The New York Post published a rumor today that quasi-rival, The New York Times, is planning to kill its popular Thursday 'Circuits' section and -- horror! -- replace it with a fashion and shopping section. The question is: If true, what's a blogger to make of it?

Mike Elgan, Contributor

March 3, 2005

3 Min Read

The New York Post published a rumor today that quasi-rival, The New York Times, is planning to kill its popular Thursday 'Circuits' section and -- horror! -- replace it with a fashion and shopping section.

The question is: If true, what's a blogger to make of it?

The Post implied that the section was a byproduct of the giddy hype about technology that emerged during the tech boom of the late 1990s, and that it's being killed off because the concept is now old and stale.

I don't buy this theory for the simple reason that nothing is too old and stale for The New York Times.

Another theory, first voiced by PR blogger extraordinaire Steve Rubel, of "Micro Persuasion" fame, is that gadget blogs like Engadget and Gizmodo may have played a role in the decision.

Again, I don't agree. Gadget blogs, if anything, drive major hits to the online version of "Circuits" though links to stories in the section that are fresh enough or scoopish enough to warrant them. Duplicated readership of the print edition of The New York Times and the gadget blogs pretty much rounds to zero -- they're totally different audiences. Besides, The Grey Lady is famous for its snobbish apathy toward rivals. If The New York Times doesn't care what The Boston Globe, Chicago Tribune and The Los Angeles Times print, why would they care about Engadget and Gizmodo?

My theory is that, if the rumor is true, it had nothing to do with readers, but rather advertisers.

Readers of newspapers tend to think of their favorite daily as a one big newspaper with a bunch of different sections -- Current Events, Sports, Business, Fashion, The Arts, etc. But that's not how newspapers look at them.

Publishers see it from a business perspective. So to them a publication is two things: 1) a real newspaper that fulfils the paper's mission to inform and educate; and 2) fluffy topic sections like fashion, food, and lifestyles designed to maximize advertising dollars in order to subsidize the real newspaper.

The Times' "Circuits" section falls into the latter category.

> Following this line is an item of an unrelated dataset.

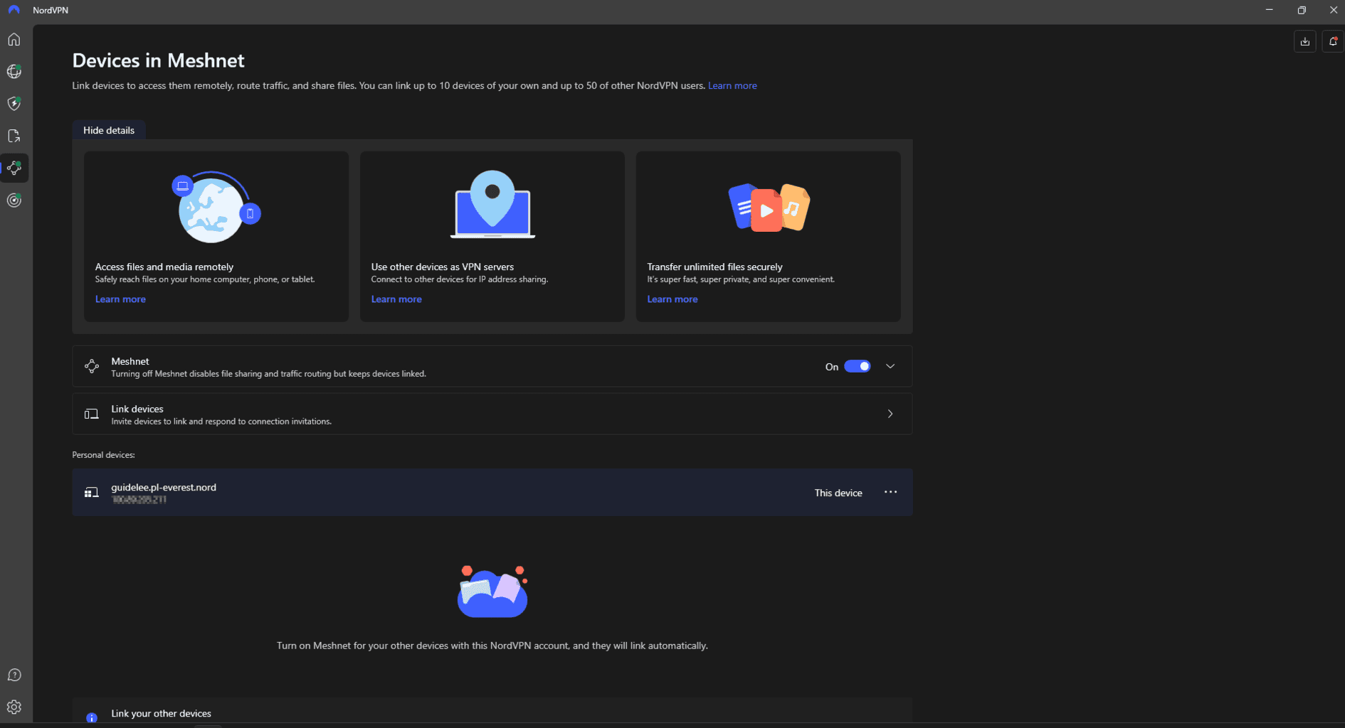Funkcja pozwala bezpiecznie połączyć twoje urządzenia ze sobą lub z innymi użytkownikami, niezależnie od ich lokalizacji. Dane są szyfrowane, a komunikacja odbywa się bez konieczności przechodzenia przez serwer VPN, co zapewnia szybkość i prywatność. Meshnet idealnie sprawdza się np. do zdalnego dostępu do domowego komputera, grania w gry LAN na odległość lub bezpiecznego udostępniania plików. Działa na wszystkich platformach i jest dostępna we wszystkich taryfach.

If the newspaper kills the section, it will be because they've determined that some other topic can make more money.

TV networks used to look at their programming this way. The nightly news was a public service money loser that gained the company credibility and was supported by idiotic-but-lucrative sitcoms and the like. (Nowadays it's all about entertainment-for-money on TV.) If a sitcom isn't bring in advertising dollars, you kill it and replace it with another one.

Which raises the question: Why doesn't "Circuits" bring in as much as fashion and shopping? The reason is that technology advertisers with money -- IBM, HP, Dell, etc. -- tend to want to be associated with the business section, rather than the gadget-and-geek section. And NYT ads are expensive. Most category advertisers either can't afford the NYT, or, if they can, want the credibility and audience they'll get in the business section.

For this longtime Times reader, the end of "Circuits" will be a sad day -- no matter what the reason.